- [Required action]: Could you copy exactly the lines below from the one with "for Landscape Design" to the one with "日開野町居内エリアの南向きの1Rアパート。朝の準備も快適な独立洗面台。", inclusive, leaving out any pictures?

- [Data listing]:
•••••
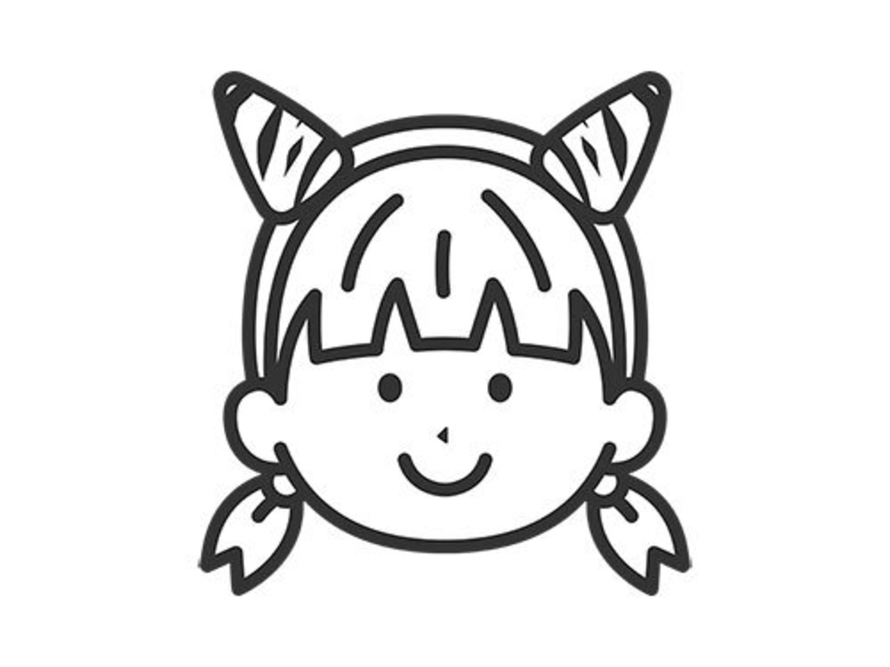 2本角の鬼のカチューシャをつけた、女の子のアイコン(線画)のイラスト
•••••
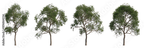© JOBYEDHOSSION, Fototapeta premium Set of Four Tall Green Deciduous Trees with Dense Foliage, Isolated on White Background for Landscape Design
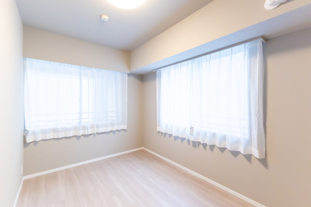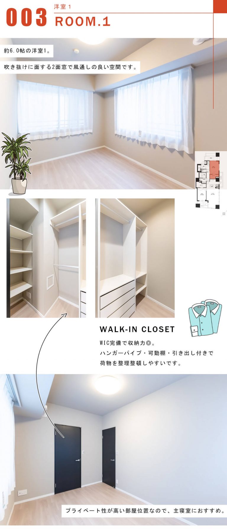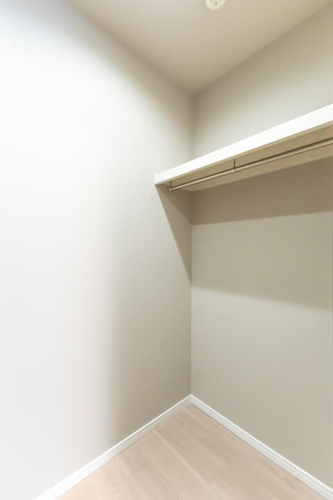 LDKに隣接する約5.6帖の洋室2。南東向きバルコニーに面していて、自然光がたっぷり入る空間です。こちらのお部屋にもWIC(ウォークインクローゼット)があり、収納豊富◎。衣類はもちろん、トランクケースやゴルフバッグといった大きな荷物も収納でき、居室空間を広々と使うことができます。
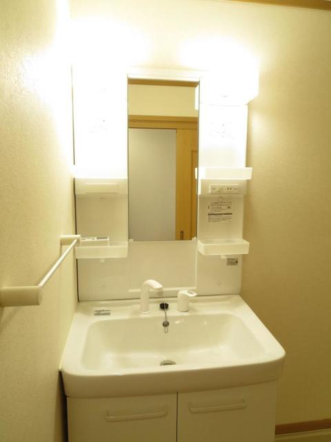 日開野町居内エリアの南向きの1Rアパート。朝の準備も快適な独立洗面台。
•••••
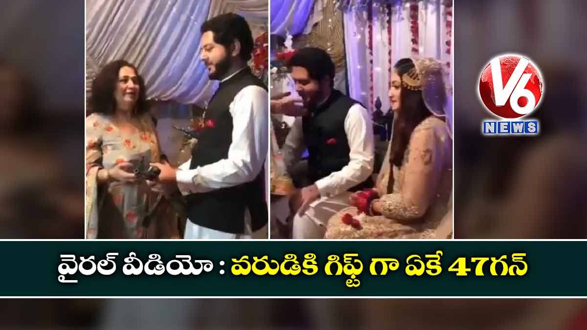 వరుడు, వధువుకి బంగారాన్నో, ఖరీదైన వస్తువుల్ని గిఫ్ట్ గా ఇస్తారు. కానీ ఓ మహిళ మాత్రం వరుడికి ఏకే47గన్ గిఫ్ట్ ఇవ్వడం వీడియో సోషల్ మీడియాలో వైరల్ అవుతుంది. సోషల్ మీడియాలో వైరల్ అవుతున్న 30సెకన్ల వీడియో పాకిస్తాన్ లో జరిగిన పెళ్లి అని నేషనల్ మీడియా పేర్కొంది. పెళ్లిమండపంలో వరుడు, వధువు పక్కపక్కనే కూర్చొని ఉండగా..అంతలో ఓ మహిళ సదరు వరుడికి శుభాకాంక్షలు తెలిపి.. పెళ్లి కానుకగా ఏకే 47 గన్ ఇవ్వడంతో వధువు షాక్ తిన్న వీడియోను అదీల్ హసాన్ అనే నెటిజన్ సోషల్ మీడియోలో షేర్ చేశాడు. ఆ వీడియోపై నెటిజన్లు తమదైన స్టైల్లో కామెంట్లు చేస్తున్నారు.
•••••
- [Finished task]:
© JOBYEDHOSSION, Fototapeta premium Set of Four Tall Green Deciduous Trees with Dense Foliage, Isolated on White Background for Landscape Design
 LDKに隣接する約5.6帖の洋室2。南東向きバルコニーに面していて、自然光がたっぷり入る空間です。こちらのお部屋にもWIC(ウォークインクローゼット)があり、収納豊富◎。衣類はもちろん、トランクケースやゴルフバッグといった大きな荷物も収納でき、居室空間を広々と使うことができます。
 日開野町居内エリアの南向きの1Rアパート。朝の準備も快適な独立洗面台。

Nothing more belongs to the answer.